» **WHAT THE TASK REQUIRES**
Word-for-word repetition of the records below is needed, but only from the line holding "A must-have ceramic" through the final line, with pictures excluded.

─── RECORD EXCERPTS ───

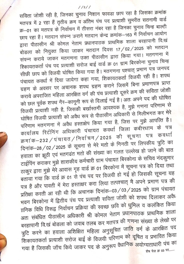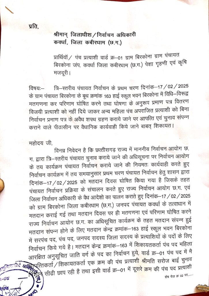 सत्येन्द्र बडघरे कवर्धा – जिला मुख्यालय कबीरधाम से महज दस किलोमीटर दूर ग्राम पंचायत बिरकोना में वार्ड नंबर एक की महिला पंच प्रत्याशी व उसके पति ने ग्राम के सचिव व पीठासीन अधिकारी पर गंभीर आरोप लगाया है महिला पंच प्रत्याशी सरोज बाई और उसके पति ने मीडिया को बताया कि उन्हें चुनाव में मतगणना के दौरान जीत बताई गई थी, परिवार में वैवाहिक कार्यक्रम के कारण उक्त महिला ग्राम से बाहर थी इस कारण उन्हें प्रमाण पत्र व मतगणना पत्र नहीं मिला था परंतु महज तीन-चार दिन पहले स्थानीय पंचायत सचिव व एक अन्य व्यक्ति उसके घर पर आए और धोखे से एक लेटर पर उनके हस्ताक्षर लिए महिला ज्यादा पढ़ी-लिखी नहीं है और उसके घर पर भी कोई नहीं था सचिव ने उक्त महिला को कहा कि हस्ताक्षर के बाद उन्हें चुनाव में जीत का प्रमाण पत्र दिया जाएगा परंतु बाद में उक्त महिला को पता चला कि कोई अन्य प्रत्याशी चुनाव जीत गया है अब सरोज बाई और उसका पति असमन जोशी न्याय की मांग कर रहे हैं और मामले की शिकायत उन्होंने जिला निर्वाचन अधिकारी से की है अब देखना यह है कि क्या सरोज बाई को निर्वाचन अधिकारी से इंसाफ़ मिलेगा या फिर निर्वाचन विभाग भी गांधी जी के बताए फार्मूले को स्तेमाल करते हुए नजर आएगी।
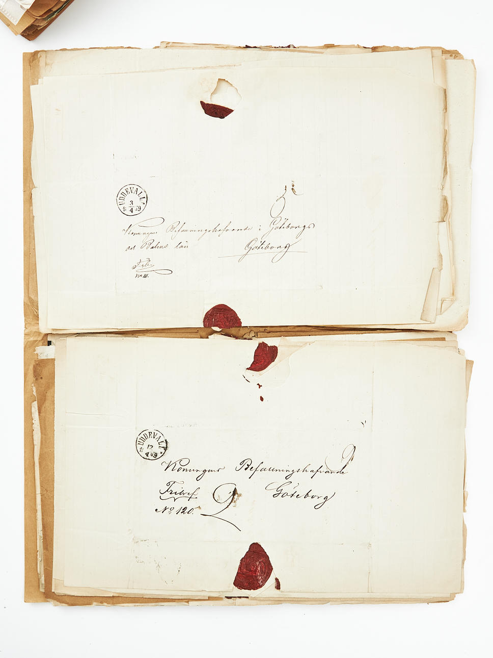 SAMLING AF KONVOLUTTER OG BREVE. Konvolutter rettet til offentlige myndigheder, hovedsageligt i Göteborg. Midt i det 19. århundrede.
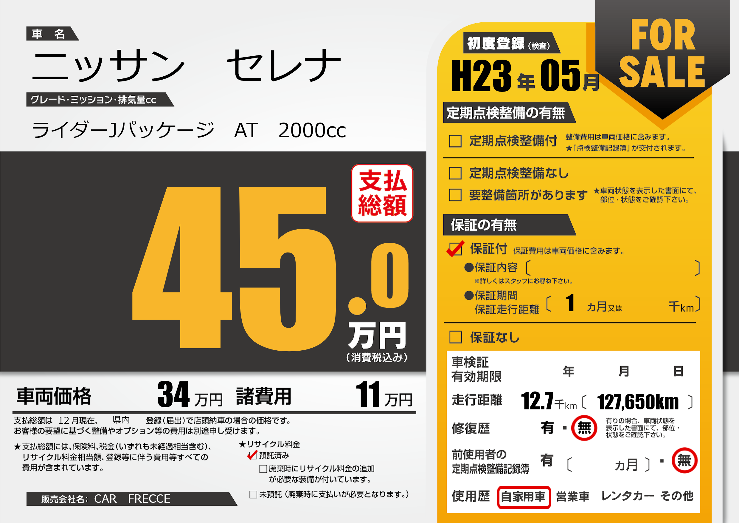 | 車名 | ニッサン セレナ | グレード ミッション 排気量 |
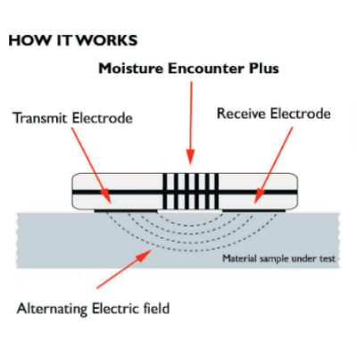 The Tramex MEP non-invasive moisture meter instead uses a low level electrical signal to take moisture readings that leaves all your working surfaces intact. It does this by have both transmitting and receiving electrodes that send out a low frequency electrical field that detects changes in impedance causes by moisture interference and then registers that value as a moisture percentage on the dial. Pretty neat. This contact method also provides for maximum sensitivity.
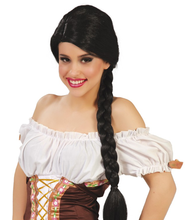 Damska peruka - długa, czarna, z pięknym i grubym warkoczem.
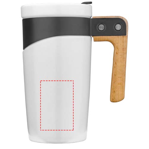 A must-have ceramic tumbler. Matte finish body and natural wooden handle are combined by the black coated stainless steel band. Push-on, slide lock lid included. Volume capacity is 475ml. Presented in a gift box.
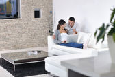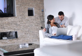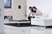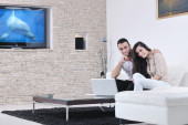 radosna para zrelaksować się i pracować na laptopie w nowoczesnym domu
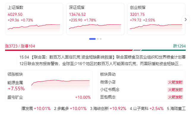 11月13日消息,市场全天震荡走强,沪指收涨0.73%刷新十年新高。截至收盘,沪指报4029.50点,涨0.73%;深成指报13476.52点,涨1.78%;创指报3201.75点,涨2.55%。
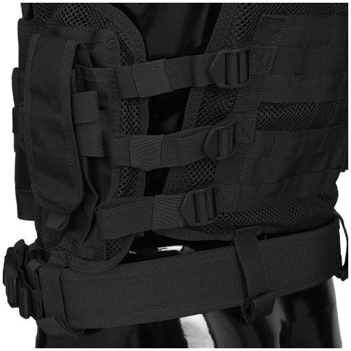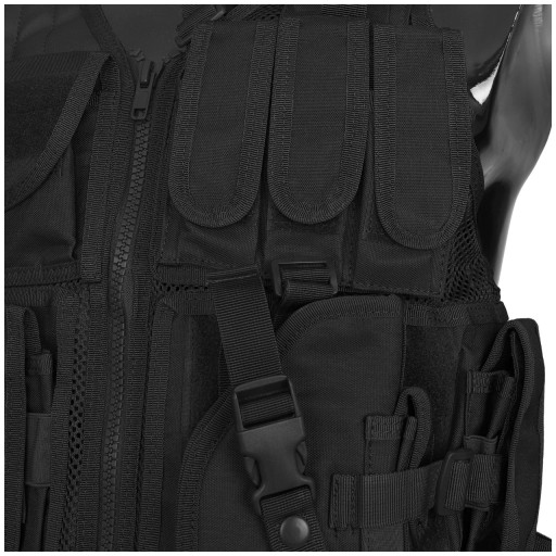 Тактичний жилет розділений на дві частини і застібається на блискавку. Права сторона оснащена кишенею з органайзером і липучкою для нашивок і трьома сумками стандарту STANAG. Надплечовий ремінь оснащений протиковзким затильником. З лівого боку розташовані чотири універсальних підсумки для магазинів, кобура для кожної моделі пістолета з підсумком під магазин і один стандартний підсумок STANAG. Кобура знімна. Всі мішечки застібаються на липучку.
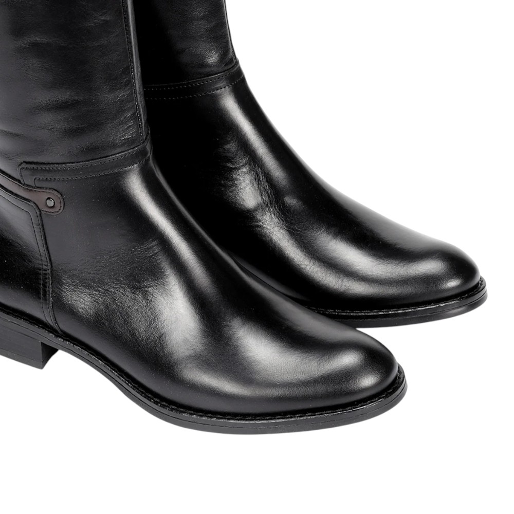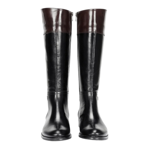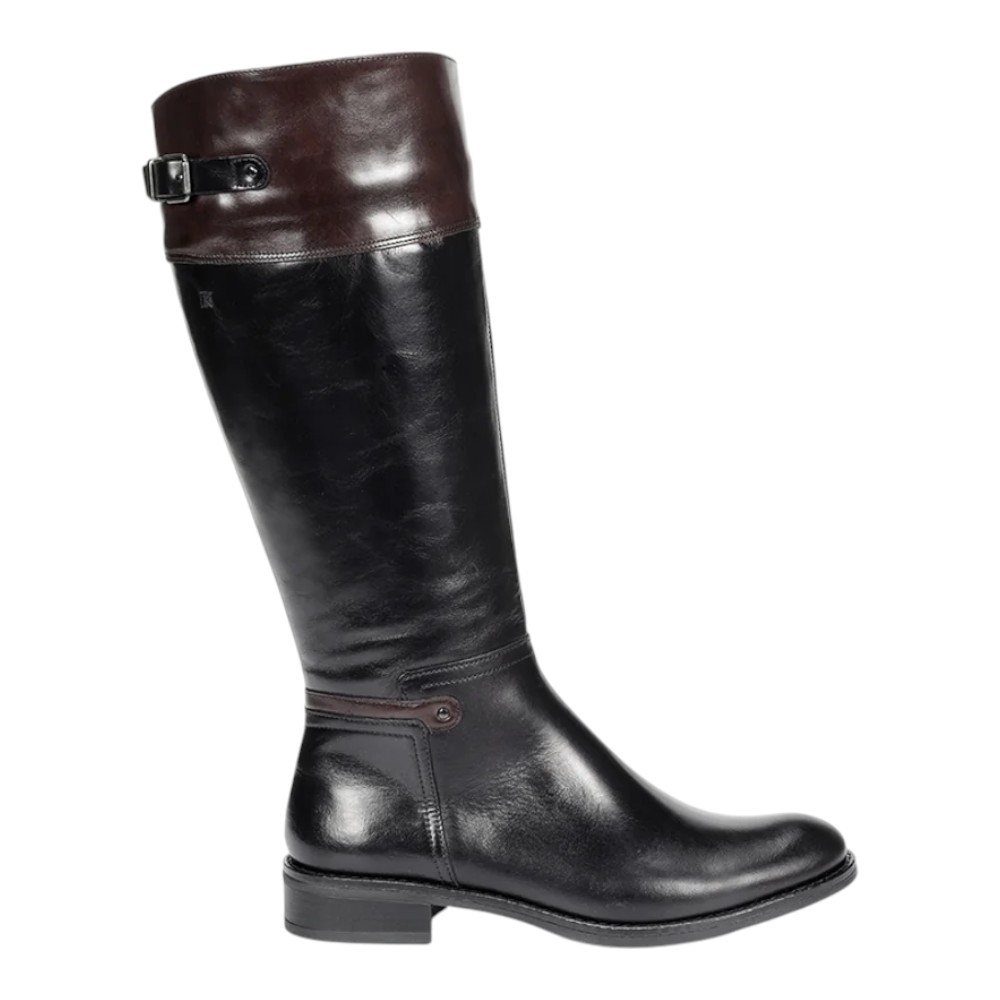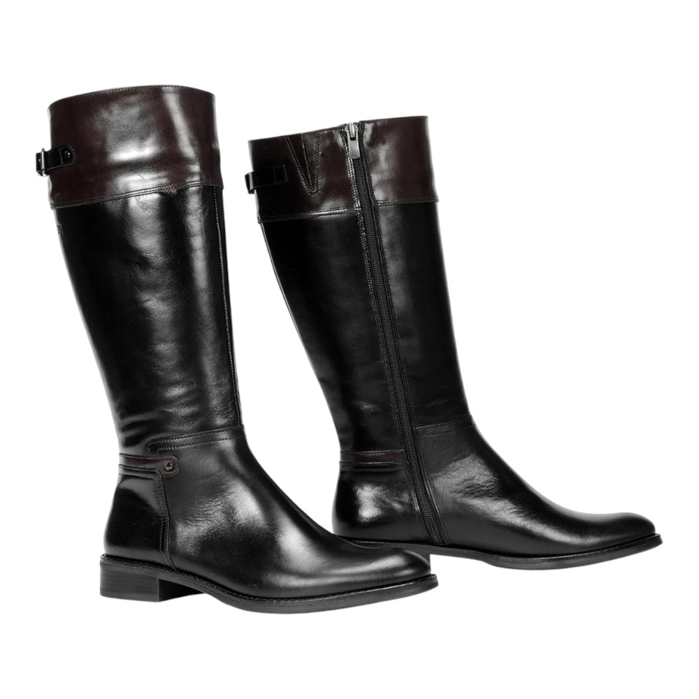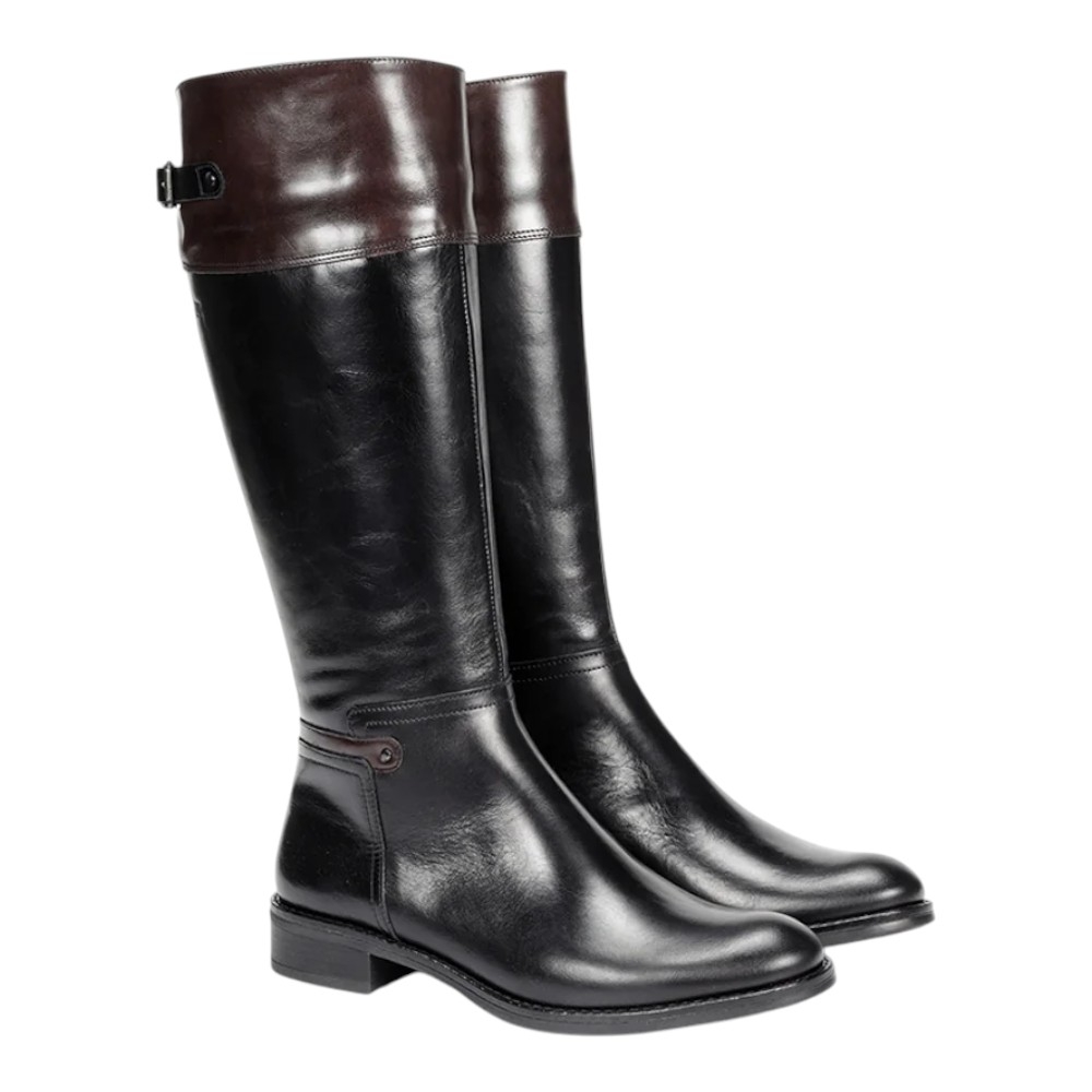 Diseño Bicolor: Combina el negro en el cuerpo de la bota con el tono marrón café en la parte superior de la caña.
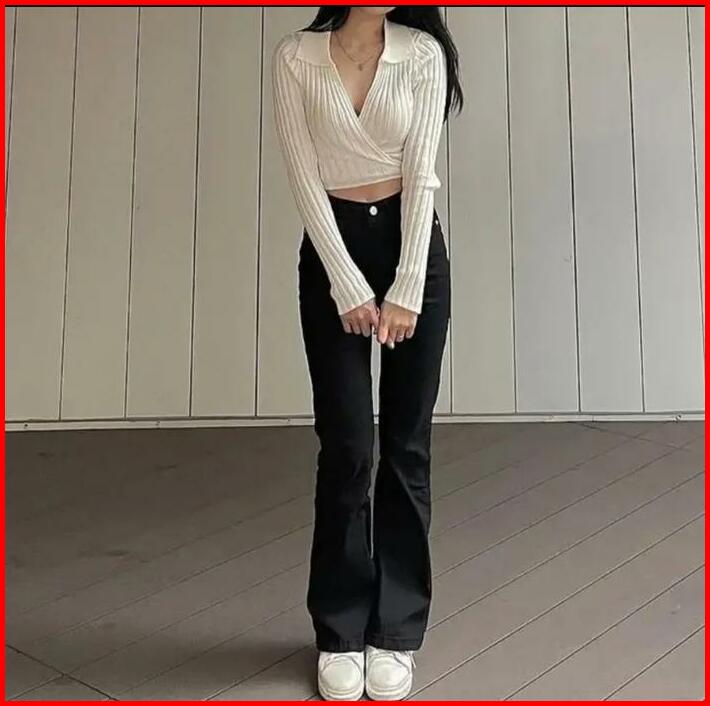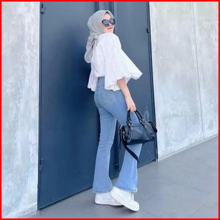 Hass Cutbray Jeans Low Waist Stretch Wanita Slim-fitting Celana Cewek High Waist Terbaru Grey Abu Polos Panjang

───

» **ANSWER TO THIS TASK**
 A must-have ceramic tumbler. Matte finish body and natural wooden handle are combined by the black coated stainless steel band. Push-on, slide lock lid included. Volume capacity is 475ml. Presented in a gift box.
 radosna para zrelaksować się i pracować na laptopie w nowoczesnym domu
 11月13日消息,市场全天震荡走强,沪指收涨0.73%刷新十年新高。截至收盘,沪指报4029.50点,涨0.73%;深成指报13476.52点,涨1.78%;创指报3201.75点,涨2.55%。
 Тактичний жилет розділений на дві частини і застібається на блискавку. Права сторона оснащена кишенею з органайзером і липучкою для нашивок і трьома сумками стандарту STANAG. Надплечовий ремінь оснащений протиковзким затильником. З лівого боку розташовані чотири універсальних підсумки для магазинів, кобура для кожної моделі пістолета з підсумком під магазин і один стандартний підсумок STANAG. Кобура знімна. Всі мішечки застібаються на липучку.
 Diseño Bicolor: Combina el negro en el cuerpo de la bota con el tono marrón café en la parte superior de la caña.
 Hass Cutbray Jeans Low Waist Stretch Wanita Slim-fitting Celana Cewek High Waist Terbaru Grey Abu Polos Panjang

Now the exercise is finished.